Of the entries below, return only those lines from the line with "Natalie is a" to the line with "Chiếc xe trên", exactly, both included.

Supplied information
[Start of Attachment]

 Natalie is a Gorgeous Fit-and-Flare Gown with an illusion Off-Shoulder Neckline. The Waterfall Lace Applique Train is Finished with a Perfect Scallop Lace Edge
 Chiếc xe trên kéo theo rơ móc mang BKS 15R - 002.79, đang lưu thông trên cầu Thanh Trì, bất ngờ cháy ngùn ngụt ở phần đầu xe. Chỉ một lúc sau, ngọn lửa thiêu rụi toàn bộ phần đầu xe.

[End of Attachment]
[Start of Attachment]

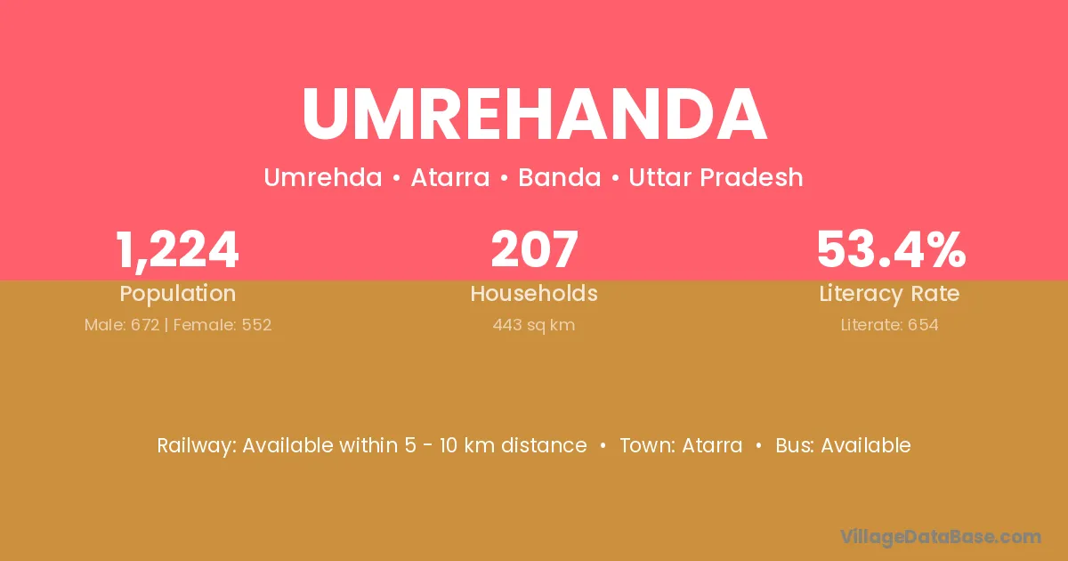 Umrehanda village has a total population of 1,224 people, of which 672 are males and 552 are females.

[End of Attachment]

Response to this exercise
 Natalie is a Gorgeous Fit-and-Flare Gown with an illusion Off-Shoulder Neckline. The Waterfall Lace Applique Train is Finished with a Perfect Scallop Lace Edge
 Chiếc xe trên kéo theo rơ móc mang BKS 15R - 002.79, đang lưu thông trên cầu Thanh Trì, bất ngờ cháy ngùn ngụt ở phần đầu xe. Chỉ một lúc sau, ngọn lửa thiêu rụi toàn bộ phần đầu xe.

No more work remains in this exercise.